• [THE PROBLEM]: From the records below, please print only the lines from the one containing "624晚,由市委宣傳部、市文" through the one containing "The following chart", both included. Skip the pictures.

--- DATA EXTRACT Enclosed Below ---

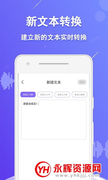 语音合成王app免费版是一款非常好用的手机语音文字转化工具软件,用户可以通过软件来合成各种各样的声线,然后使用这些声音来制作自己需要的语音,直接编辑文字就可以得到高质量的语音内容,适用于不同场合,轻松转换语音场景,既方便又实用,有需要的朋友就快来永辉下载体验吧!
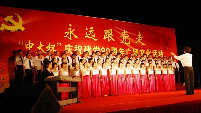 624晚,由市委宣傳部、市文廣新局組織的“永遠跟黨走”“中太杯”建黨90周年廣場文化活動紅歌合唱比賽晚會在廊坊市文化藝術中心廣場拉開帷幕。來自市區的11支合唱團進行了精彩比賽。經過激烈角逐,中太建設集團合唱團演唱的歌曲《沒有共產黨就沒有新中國》和《太行山上》獲最佳表演獎。
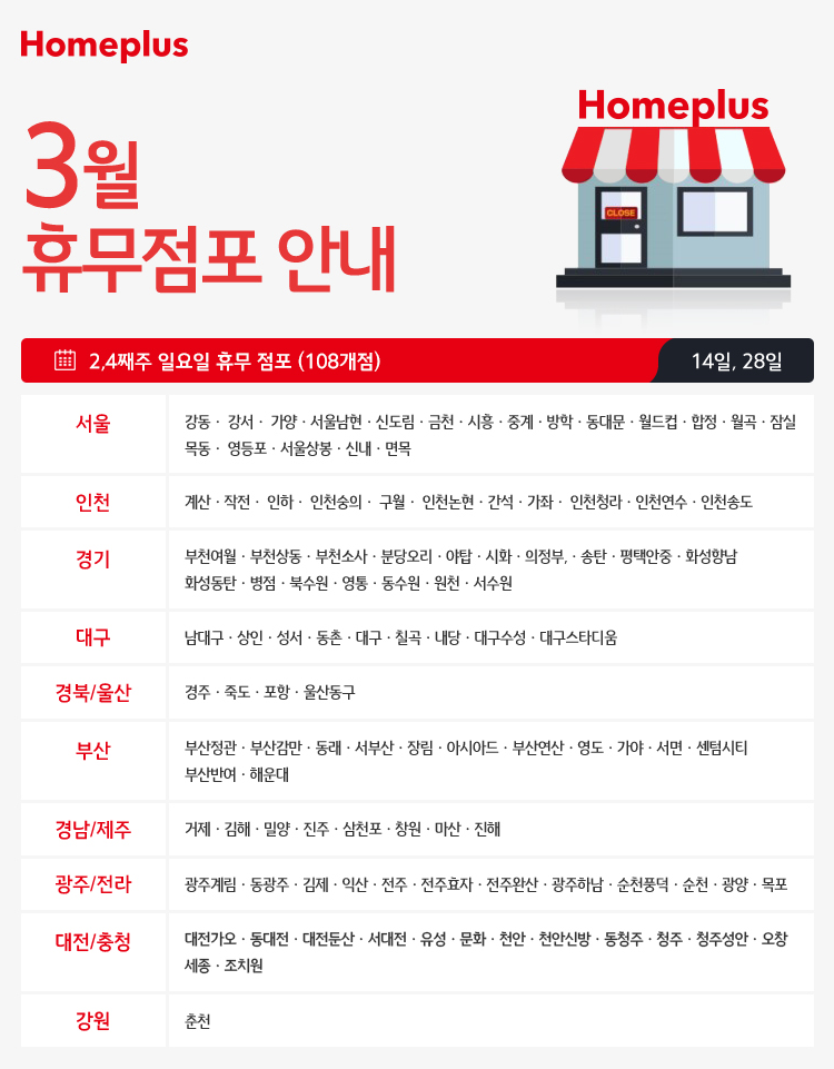 2021년 3월 홈플러스 휴무일에 대해 알아보도록 하겠습니다.
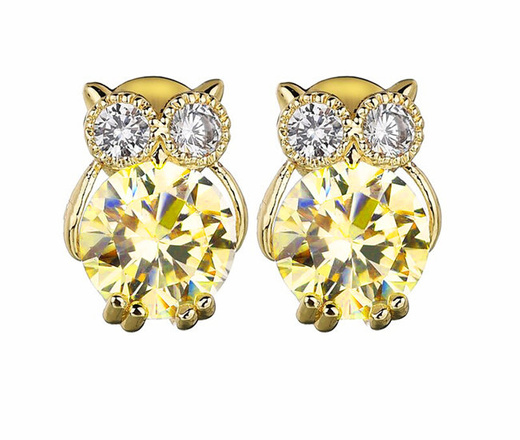 Kol 599/1068 KOLCZYKI Sowy sówki pozłacane cyrkonie crystal
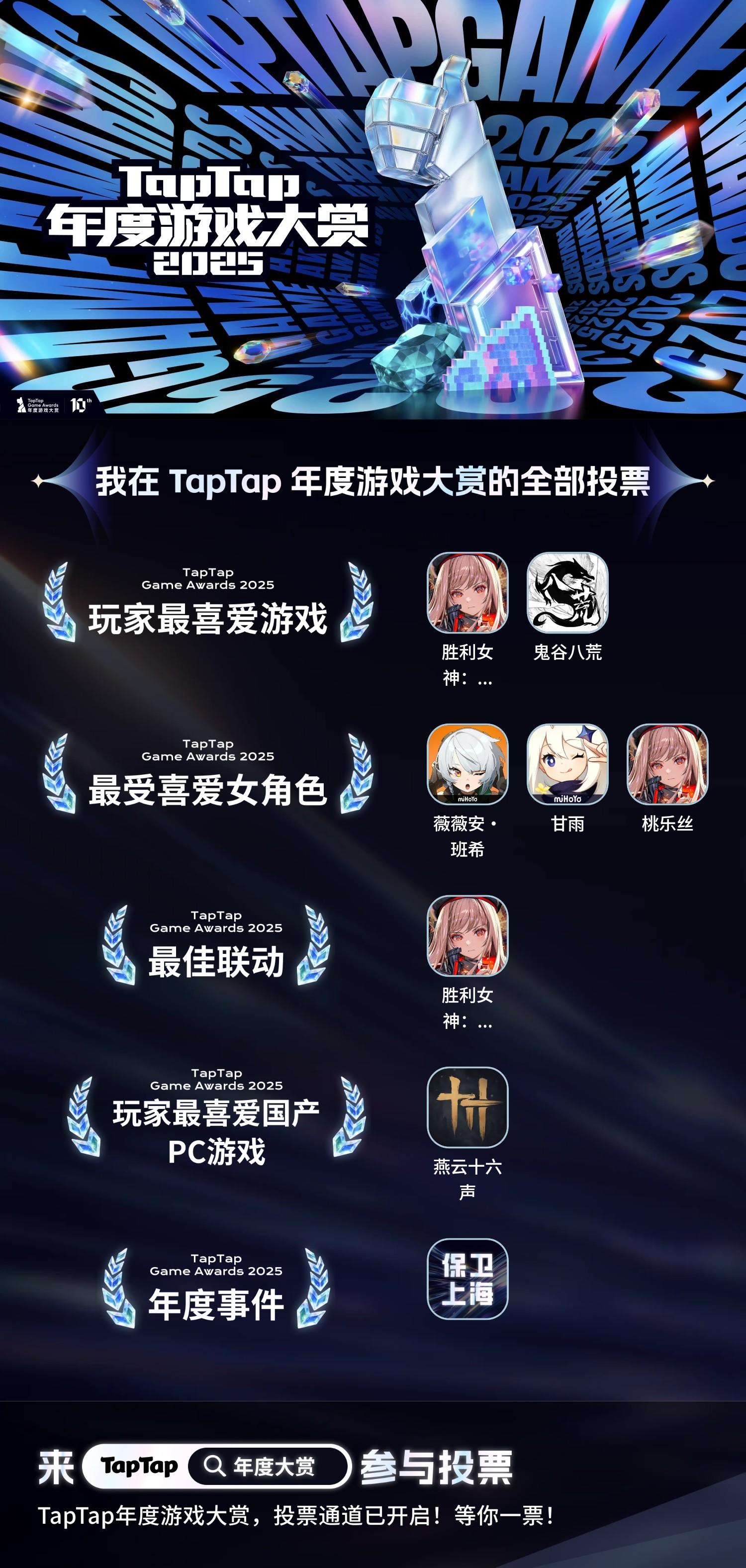庆祝入围2025TapTap年度游戏大赏
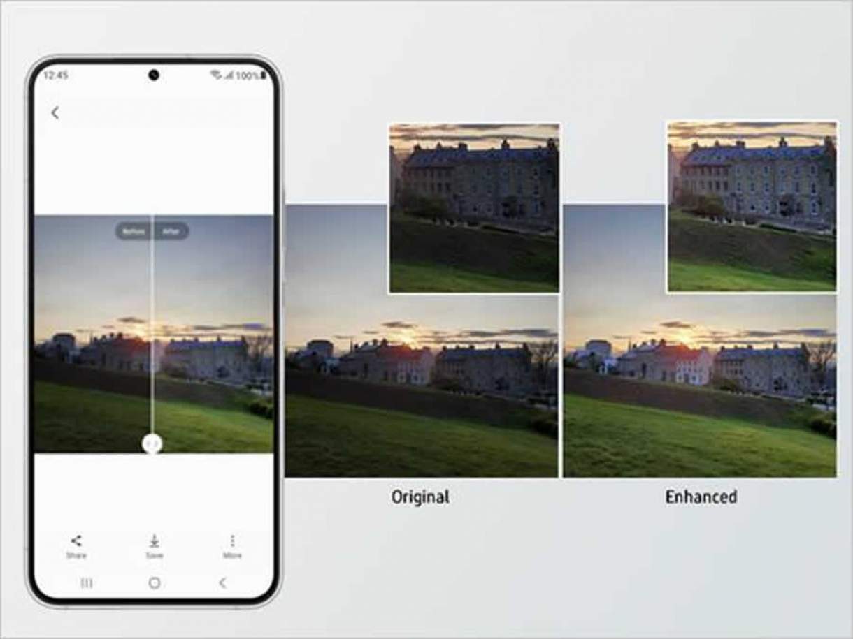 A One UI 5.1 expande os recursos de câmera recentemente atualizados que foram anunciados com a linha Galaxy S23 5G. As pessoas agora têm maior flexibilidade para criar fotos de qualidade profissional com os recursos Expert RAW4, agora disponíveis para os Smartphones compatíveis diretamente como parte do aplicativo de câmera Galaxy. Basta selecionar “Mais” enquanto fotografa para capturar imagens de alta qualidade em seu formato raw. Além disso, a função Remasterizar Foto aprimorada, baseada em Inteligência Artificial (IA), melhora automaticamente os detalhes deteriorados das imagens, aprimorando o brilho, ajustando os detalhes e fazendo correções de cores mesmo em cenas com luz de fundo. O recurso também remove sombras e reflexos indesejados para uma foto5 perfeita.
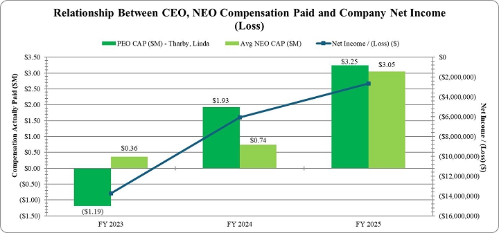 The following chart sets forth the relationship between Compensation Actually Paid to our CEO, the average of Compensation Actually Paid to our Non-CEO NEOs, and the Company’s Net Loss over the fiscal three year period from 2023 through 2025.
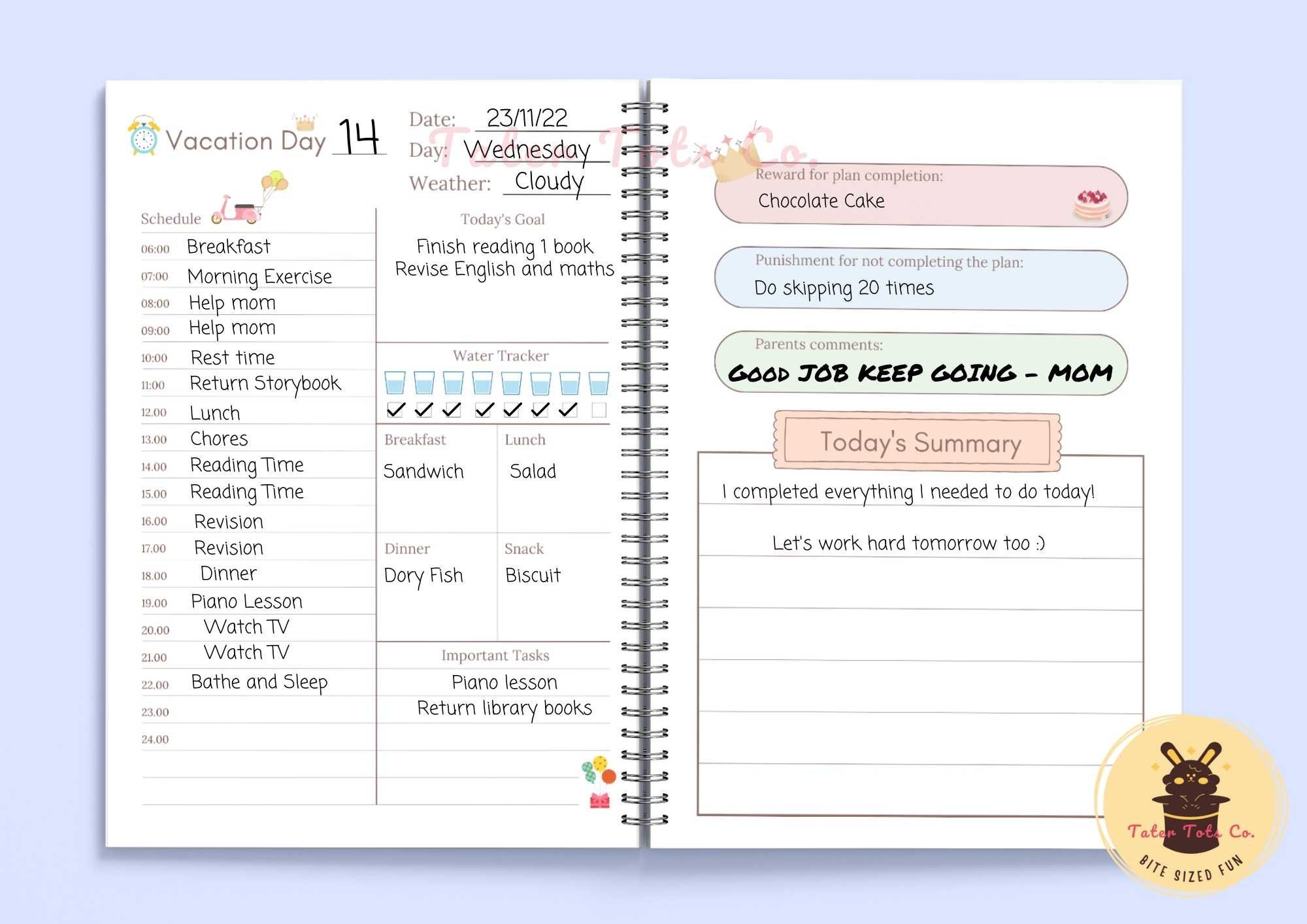 With our vacation planner, your child can set daily goals and track their progress. They can also create a routine that works for them, so they can stay productive and engaged throughout their vacation. Whether they want to learn a new skill or explore a new place, our planner will help them stay organized and motivated.

--- End of Enclosed DATA EXTRACT ---

• [EXERCISE SOLUTION]:
 624晚,由市委宣傳部、市文廣新局組織的“永遠跟黨走”“中太杯”建黨90周年廣場文化活動紅歌合唱比賽晚會在廊坊市文化藝術中心廣場拉開帷幕。來自市區的11支合唱團進行了精彩比賽。經過激烈角逐,中太建設集團合唱團演唱的歌曲《沒有共產黨就沒有新中國》和《太行山上》獲最佳表演獎。
 2021년 3월 홈플러스 휴무일에 대해 알아보도록 하겠습니다.
 Kol 599/1068 KOLCZYKI Sowy sówki pozłacane cyrkonie crystal
庆祝入围2025TapTap年度游戏大赏
 A One UI 5.1 expande os recursos de câmera recentemente atualizados que foram anunciados com a linha Galaxy S23 5G. As pessoas agora têm maior flexibilidade para criar fotos de qualidade profissional com os recursos Expert RAW4, agora disponíveis para os Smartphones compatíveis diretamente como parte do aplicativo de câmera Galaxy. Basta selecionar “Mais” enquanto fotografa para capturar imagens de alta qualidade em seu formato raw. Além disso, a função Remasterizar Foto aprimorada, baseada em Inteligência Artificial (IA), melhora automaticamente os detalhes deteriorados das imagens, aprimorando o brilho, ajustando os detalhes e fazendo correções de cores mesmo em cenas com luz de fundo. O recurso também remove sombras e reflexos indesejados para uma foto5 perfeita.
 The following chart sets forth the relationship between Compensation Actually Paid to our CEO, the average of Compensation Actually Paid to our Non-CEO NEOs, and the Company’s Net Loss over the fiscal three year period from 2023 through 2025.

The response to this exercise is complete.